- TASK BRIEF -
Leave the pictures out. Transcribe exactly every line from the start of the records through the one containing "Пряжа для вязания".

- Collected data entries -
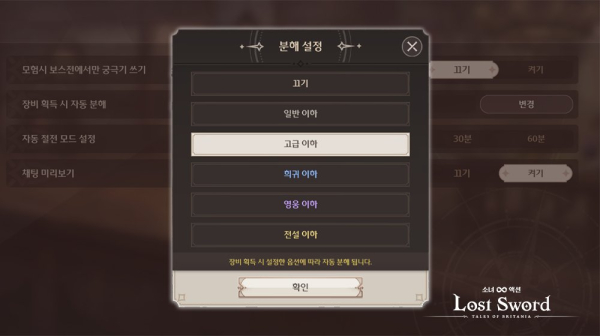 가방 공간도 확장한다. 장비가 중첩식이 아니다 보니 넘쳐나는 드랍량으로 빠르게 가방이 차는 부분에 대한 불편함이 CBT에서 지적됐다. 현실적인 DB의 한계로 가방 용량을 무한으로 할 수 없는 만큼, 처음부터 확장된 가방을 제공할 예정이다. 또 설정에 있는 자동 분해 기능에 대한 설명이 부족했던 만큼, 자동 분해를 설정하기 쉽도록 유도할 계획이다.
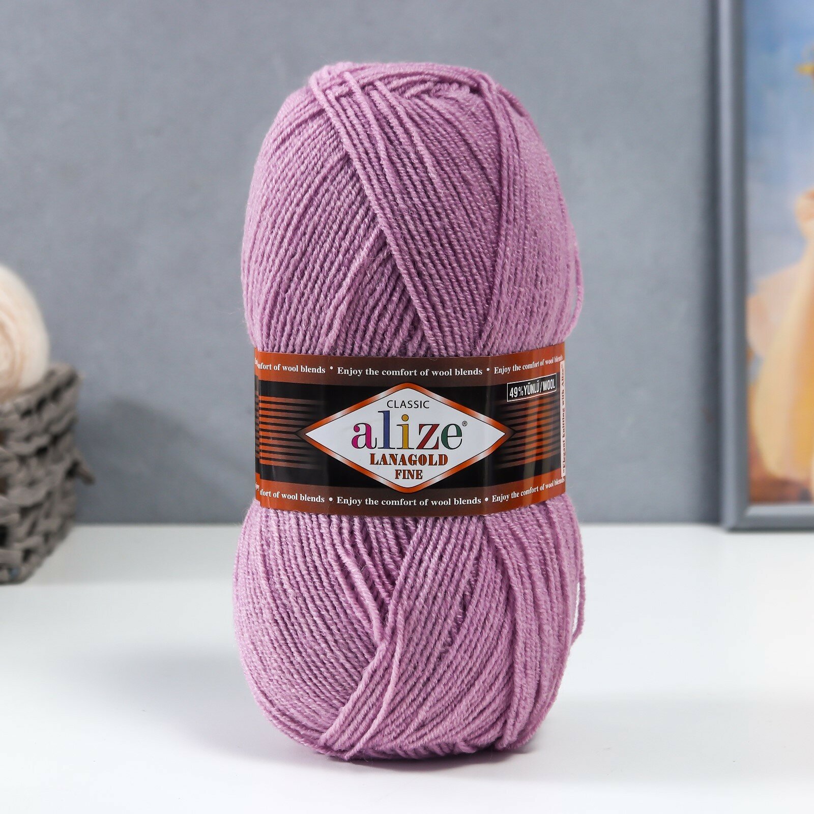 Пряжа для вязания ALIZE LANAGOLD FINE: 505 (пепельно-сиреневый), 3 шт 390 м 100 г, 49% шерсть 51% акрил
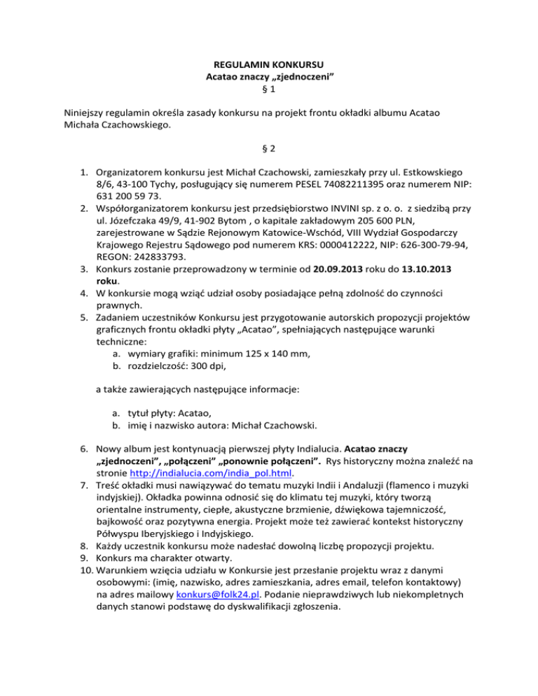 REGULAMIN KONKURSU Acatao znaczy „zjednoczeni” §1 Niniejszy regulamin określa zasady konkursu na projekt frontu okładki albumu Acatao Michała Czachowskiego. §2 1. Organizatorem konkursu jest Michał Czachowski, zamieszkały przy ul. Estkowskiego 8/6, 43-100 Tychy, posługujący się numerem PESEL 74082211395 oraz numerem NIP: 631 200 59 73. 2. Współorganizatorem konkursu jest przedsiębiorstwo INVINI sp. z o. o. z siedzibą przy ul. Józefczaka 49/9, 41-902 Bytom , o kapitale zakładowym 205 600 PLN, zarejestrowane w Sądzie Rejonowym Katowice-Wschód, VIII Wydział Gospodarczy Krajowego Rejestru Sądowego pod numerem KRS: 0000412222, NIP: 626-300-79-94, REGON: 242833793. 3. Konkurs zostanie przeprowadzony w terminie od 20.09.2013 roku do 13.10.2013 roku. 4. W konkursie mogą wziąć udział osoby posiadające pełną zdolność do czynności prawnych. 5. Zadaniem uczestników Konkursu jest przygotowanie autorskich propozycji projektów graficznych frontu okładki płyty „Acatao”, spełniających następujące warunki techniczne: a. wymiary grafiki: minimum 125 x 140 mm, b. rozdzielczość: 300 dpi, a także zawierających następujące informacje: a. tytuł płyty: Acatao, b. imię i nazwisko autora: Michał Czachowski. 6. Nowy album jest kontynuacją pierwszej płyty Indialucia. Acatao znaczy „zjednoczeni”, „połączeni” „ponownie połączeni”. Rys historyczny można znaleźć na stronie http://indialucia.com/india_pol.html. 7. Treść okładki musi nawiązywać do tematu muzyki Indii i Andaluzji (flamenco i muzyki indyjskiej). Okładka powinna odnosić się do klimatu tej muzyki, który tworzą orientalne instrumenty, ciepłe, akustyczne brzmienie, dźwiękowa tajemniczość, bajkowość oraz pozytywna energia. Projekt może też zawierać kontekst historyczny Półwyspu Iberyjskiego i Indyjskiego. 8. Każdy uczestnik konkursu może nadesłać dowolną liczbę propozycji projektu. 9. Konkurs ma charakter otwarty. 10. Warunkiem wzięcia udziału w Konkursie jest przesłanie projektu wraz z danymi osobowymi: (imię, nazwisko, adres zamieszkania, adres email, telefon kontaktowy) na adres mailowy [email protected]. Podanie nieprawdziwych lub niekompletnych danych stanowi podstawę do dyskwalifikacji zgłoszenia. 11. Prace do oceny należy przesyłać w formacie pliku PDF o objętości nie przekraczającym 1 MB. Projekty nadesłane przez Uczestników Konkursu nie podlegają zwrotowi. 12. Zwycięzca udostępni swój projekt w formacie produkcyjnym TIFF, AI lub EPS. §3 1. Uczestnik, zgłaszając swój projekt do konkursu, wyraża zgodę na jego rozpowszechnianie i zwielokrotnianie poprzez jego prezentację w mediach i kanałach promocyjnych będących własnością lub wykorzystywanych przez Organizatora i Współorganizatora konkursu, a także współpracujących z nimi patronów medialnych. 2. Uczestnik konkursu oświadcza, iż przysługują mu prawa autorskie i autorskie prawa majątkowe do wykonanego projektu, które nie zostały w żaden sposób ograniczone ani zbyte na rzecz żadnej osoby trzeciej. Za wszelkie roszczenia osób trzecich z tytułu naruszenia ich praw odpowiada Uczestnik konkursu. 3. Zwycięzca konkursu przekaże Organizatorowi autorskie prawa majątkowe do: a. utrwalania i zwielokrotniania oryginału lub kopii przygotowanego projektu techniką drukarską na opakowaniach płyty Acatao, a także do wprowadzania do obrotu projektu wraz z egzemplarzami tej płyty, b. utrwalania i zwielokrotniania oryginału lub kopii przygotowanego projektu w sposób elektroniczny, a także wprowadzania do obrotu powstałych w ten sposób egzemplarzy projektu wraz z elektroniczną wersją płyty Acatao, c. rozpowszechniania przygotowanego projektu na drukowanych i elektronicznych materiałach reklamowych promujących płytę Acatao oraz działalność artystyczną Organizatora, a także do utrwalania i zwielokrotniania tego projektu w zakresie niezbędnym do przygotowania tych materiałów. §4 1. Zwycięzcą konkursu zostanie jedna osoba, której projekt zostanie uznany za najlepszy. 2. Nagrodzony projekt zostanie wybrany przez specjalnie powołane jury pod przewodnictwem Organizatora. Skład jury jest niejawny do czasu zakończenia konkursu, zostanie on ujawniony w momencie ogłoszenia zwycięzcy. 3. Wszelkie decyzje dotyczące przebiegu Konkursu podejmuje jury konkursu. Decyzje jury są ostateczne. 4. Zwycięzca konkursu otrzyma nagrodę pieniężną ufundowaną przez Organizatora w wysokości 1 000 PLN brutto (kwota zawiera wszelkie obowiązujące podatki) wypłaconą na podstawie umowy oraz 6 płyt z wydawnictwa CM Records. 5. Niepodpisanie umowy jest jednoznaczne z rezygnacją z nagrody. 6. Nagrodą dodatkową, ufundowaną przez Współorganizatora konkursu jest miesięczna emisja banera reklamowego na stronie głównej portalu Folk24 oraz moduł reklamowy o wymiarach 1/4 strony w jednym z wydań Magazynu Folk24 (nagrodę należy odebrać do końca lutego 2014). 7. Rozstrzygnięcie Konkursu oraz wskazanie zwycięzców nastąpi najpóźniej do 15.10.2013 na stronach internetowych http://cmrecords.eu oraz http://www.folk24.pl. 8. O wynikach Konkursu zwycięzca zostanie powiadomiony drogą mailową w terminie 7 dni od daty rozstrzygnięcia konkursu. §5 1. Organizator zastrzega sobie prawo do pozostawienia konkursu bez rozstrzygnięcia w przypadku niskiego poziomu artystycznego nadesłanych prac. §6 1. Regulamin dostępny jest na stronach internetowych http://cmrecords.eu oraz http://www.folk24.pl. 2. Wzięcie udziału w konkursie jest równoznaczne z akceptacją niniejszego regulaminu. §7 1. Uczestnik konkursu wyraża zgodę na zbieranie i przetwarzanie podanych przez niego danych osobowych przez Organizatora i Współorganizatora w sposób niezbędny do przeprowadzenia konkursu (zgodnie z ustawą z dnia 29 sierpnia 1997 roku o ochronie danych osobowych (tekst jednolity Dz. U. z 2002 r., Nr 101 poz. 926 ze zm.) 2. Wszelkie spory dotyczące niniejszego regula
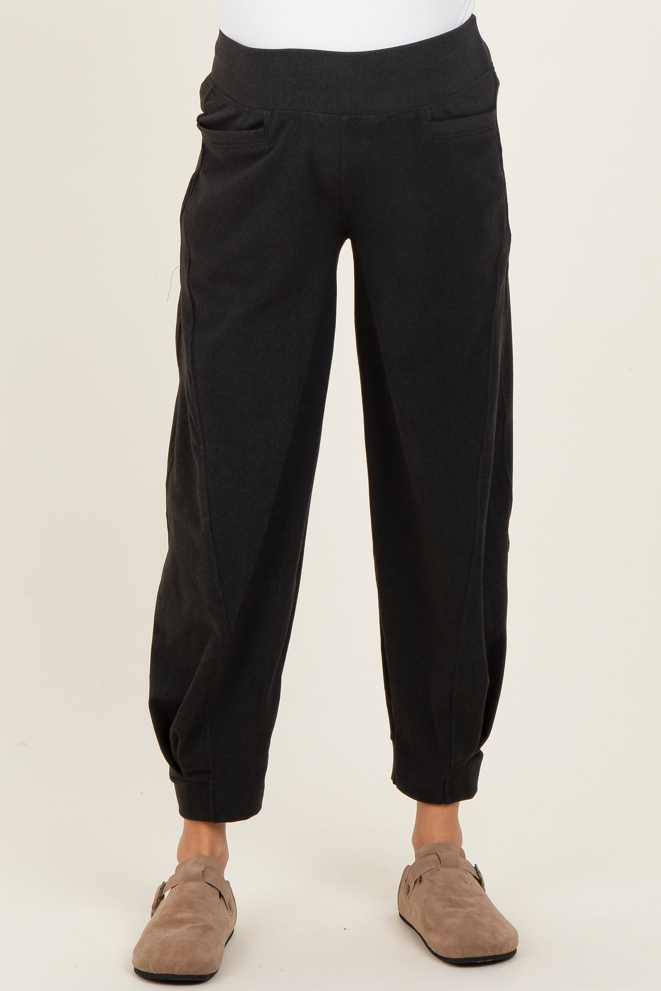 Black Brushed Knit Barrel Leg Maternity Joggers
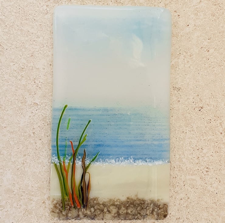 The panel has been created using two layers of glass to give a sense of depth, and decorated with coloured art glass powders and glass stringers to build up the scene. The sea is capped with a sheet of iridescent glass to give a subtle sheen. Several kiln firings were required to achieve the effect. The foreground seaspray and grasses are softly textured to give a pleasing tactile quality.

- RESULT BELOW -
 가방 공간도 확장한다. 장비가 중첩식이 아니다 보니 넘쳐나는 드랍량으로 빠르게 가방이 차는 부분에 대한 불편함이 CBT에서 지적됐다. 현실적인 DB의 한계로 가방 용량을 무한으로 할 수 없는 만큼, 처음부터 확장된 가방을 제공할 예정이다. 또 설정에 있는 자동 분해 기능에 대한 설명이 부족했던 만큼, 자동 분해를 설정하기 쉽도록 유도할 계획이다.
 Пряжа для вязания ALIZE LANAGOLD FINE: 505 (пепельно-сиреневый), 3 шт 390 м 100 г, 49% шерсть 51% акрил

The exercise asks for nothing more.